● DATA SECTION

# # # #

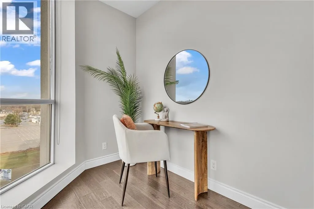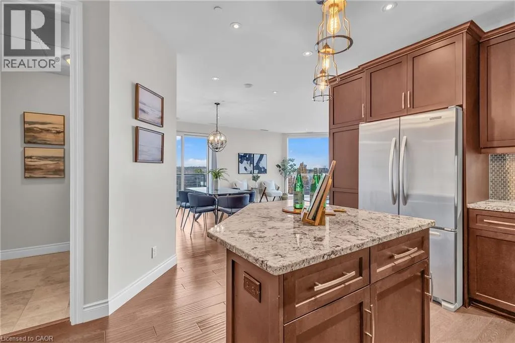 Erb & Westmount Welcome to 223 Erb St, Unit #502 â A luxurious home located in the Westmount Grand building in Uptown Waterloo. Here are the top reasons you'll love this property: 1 - SIZE AND LAYOUT - A spacious 1,400+ total sqft condo that feels like a home, featuring soaring ceilings, large rooms, and an open-concept layout. Large windows throughout provide abundant natural light, creating a bright and welcoming atmosphere. 2- THE PRIMARY BEDROOM - Boasting double closets and a large 4-piece ensuite with a tile and glass shower, deep soaker tub, and granite countertop vanity. 3- THE KITCHEN - A large kitchen with granite counters, ample storage, an island with seating, and full-size stainless steel appliances, including a dishwasher. 4- THE BALCONY - A generous open balcony, perfect for relaxing, enjoying fresh air, sipping your favorite beverage, reading a book, or listening to music.5- THE BUILDING - The Westmount Grand is a premium building in Uptown Waterloo that truly feels like home. It offers amenities such as a fitness centre, a lounge/library area, a rooftop deck with a barbecue, a party room for larger gatherings, and visitor parking. 6- PARKING AND STORAGE -Includes the added value of an owned underground parking space and a dedicated storage locker, providing convenience and extra space for your belongings. This is truly a beautiful unit in a premium building. Book your showing today! (id:27476)
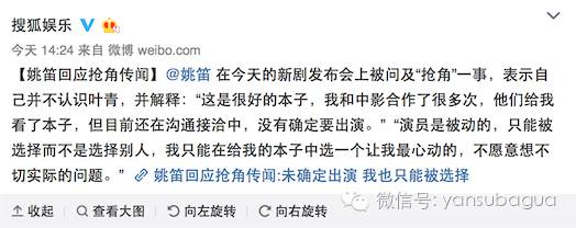姚笛的回应是:不认识叶青,本子是中影电视剧那边给的,自己也是被挑选的,还没确定是不是会出演。
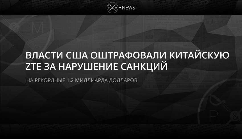 Министерство торговли США сообщает, что принято решение оштрафовать китайского производителя электроники и коммуникационного оборудования ZTE на 1,2 млрд долларов. Причина штрафа - нарушение санкционного режима в отношении Ирана и Северной Кореи.

# # # #

● WHAT THE EXERCISE ASKS
Hand back exactly the lines from the one with "姚笛的回应是:不认识叶青,本" through the last line of the data above, both ends included, with every picture left out.

● RESULT FOR THIS TASK
姚笛的回应是:不认识叶青,本子是中影电视剧那边给的,自己也是被挑选的,还没确定是不是会出演。
 Министерство торговли США сообщает, что принято решение оштрафовать китайского производителя электроники и коммуникационного оборудования ZTE на 1,2 млрд долларов. Причина штрафа - нарушение санкционного режима в отношении Ирана и Северной Кореи.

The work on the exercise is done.